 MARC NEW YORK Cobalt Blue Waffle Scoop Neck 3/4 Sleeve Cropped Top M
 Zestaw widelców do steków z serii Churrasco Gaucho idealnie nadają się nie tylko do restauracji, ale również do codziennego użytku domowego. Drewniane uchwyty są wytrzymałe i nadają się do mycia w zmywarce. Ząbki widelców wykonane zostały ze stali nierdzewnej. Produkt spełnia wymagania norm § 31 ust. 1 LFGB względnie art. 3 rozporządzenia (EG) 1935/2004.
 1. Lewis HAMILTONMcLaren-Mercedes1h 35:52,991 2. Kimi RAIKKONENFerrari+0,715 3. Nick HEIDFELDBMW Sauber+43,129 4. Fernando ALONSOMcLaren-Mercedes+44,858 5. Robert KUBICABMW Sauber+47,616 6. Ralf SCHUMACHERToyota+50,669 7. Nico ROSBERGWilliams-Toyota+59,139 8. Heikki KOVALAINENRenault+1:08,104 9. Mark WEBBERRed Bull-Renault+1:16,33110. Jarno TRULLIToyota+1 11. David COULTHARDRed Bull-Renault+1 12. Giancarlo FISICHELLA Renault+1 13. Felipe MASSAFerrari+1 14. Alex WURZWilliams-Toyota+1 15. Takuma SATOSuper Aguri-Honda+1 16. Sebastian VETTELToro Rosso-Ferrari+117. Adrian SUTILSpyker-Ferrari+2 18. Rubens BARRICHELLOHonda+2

* * *

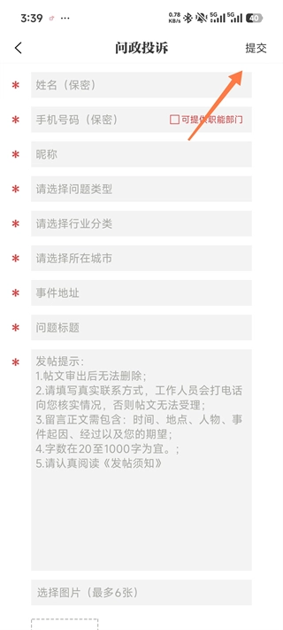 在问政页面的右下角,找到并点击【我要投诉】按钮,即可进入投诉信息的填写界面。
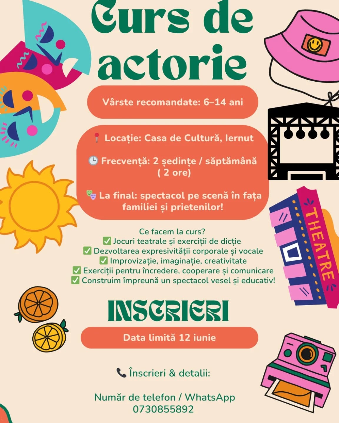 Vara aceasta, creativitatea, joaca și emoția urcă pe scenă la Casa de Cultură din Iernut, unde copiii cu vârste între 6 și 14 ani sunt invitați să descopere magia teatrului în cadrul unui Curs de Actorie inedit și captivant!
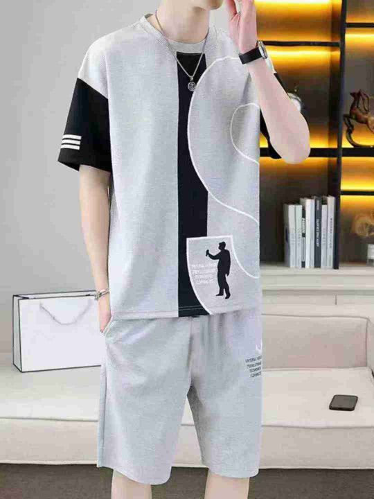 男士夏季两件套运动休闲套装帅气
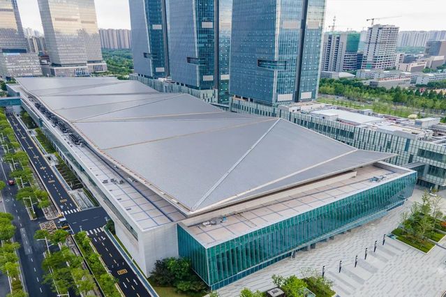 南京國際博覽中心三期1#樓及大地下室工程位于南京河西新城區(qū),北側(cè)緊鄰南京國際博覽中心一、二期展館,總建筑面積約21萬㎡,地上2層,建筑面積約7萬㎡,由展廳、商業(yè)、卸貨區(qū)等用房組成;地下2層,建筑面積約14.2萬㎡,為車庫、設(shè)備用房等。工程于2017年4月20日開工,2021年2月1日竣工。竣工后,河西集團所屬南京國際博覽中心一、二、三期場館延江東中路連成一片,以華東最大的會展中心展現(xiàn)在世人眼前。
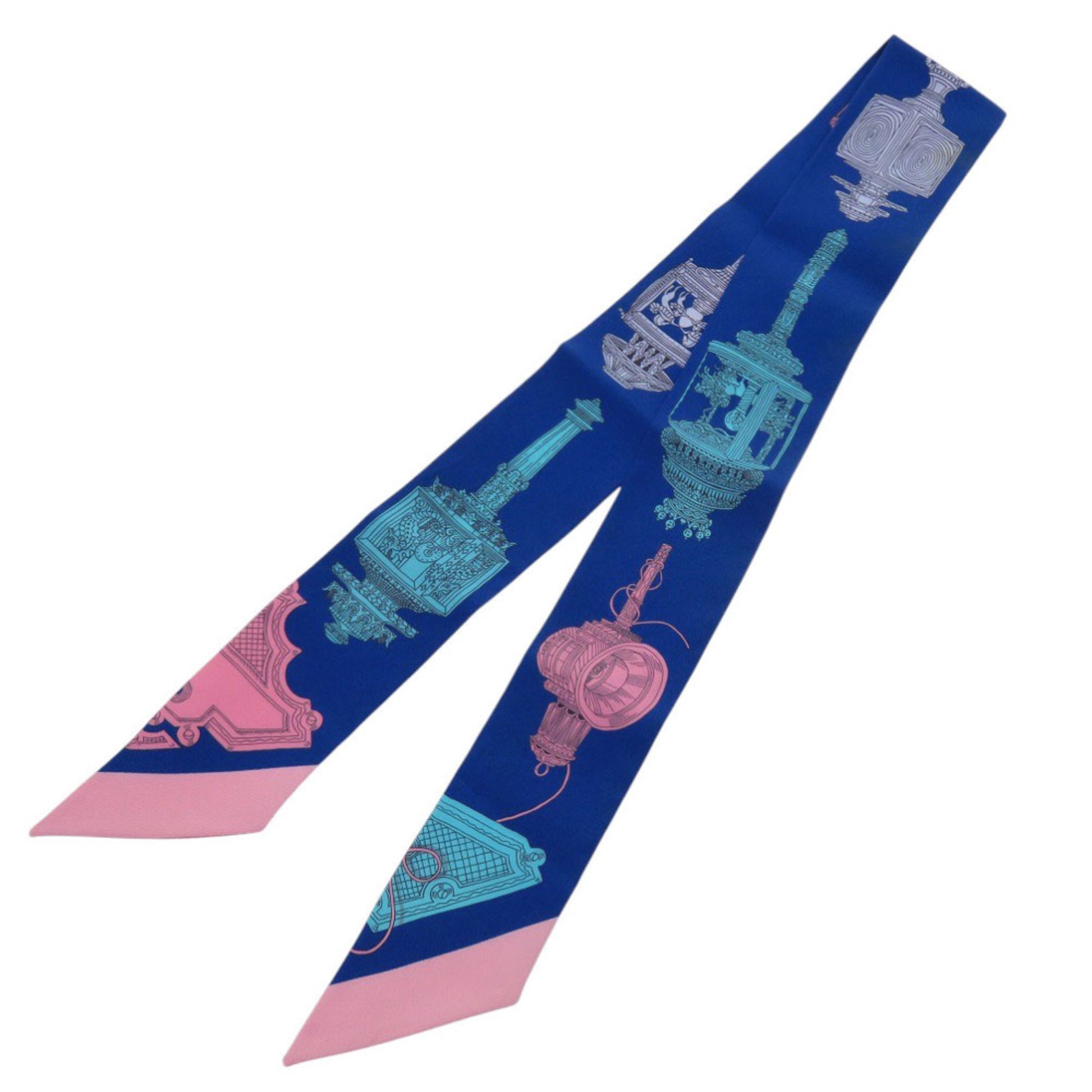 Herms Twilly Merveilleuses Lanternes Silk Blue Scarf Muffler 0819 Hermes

• _TASK TO CARRY OUT_
Above are some records. Output exactly the lines from the one that contains "男士夏季两件套运动休闲套装帅气" to the one that contains "Herms Twilly Merveilleuses", keeping both, and omit the pictures.

• _SOLUTION TO THIS PROBLEM_
 男士夏季两件套运动休闲套装帅气
 南京國際博覽中心三期1#樓及大地下室工程位于南京河西新城區(qū),北側(cè)緊鄰南京國際博覽中心一、二期展館,總建筑面積約21萬㎡,地上2層,建筑面積約7萬㎡,由展廳、商業(yè)、卸貨區(qū)等用房組成;地下2層,建筑面積約14.2萬㎡,為車庫、設(shè)備用房等。工程于2017年4月20日開工,2021年2月1日竣工。竣工后,河西集團所屬南京國際博覽中心一、二、三期場館延江東中路連成一片,以華東最大的會展中心展現(xiàn)在世人眼前。
 Herms Twilly Merveilleuses Lanternes Silk Blue Scarf Muffler 0819 Hermes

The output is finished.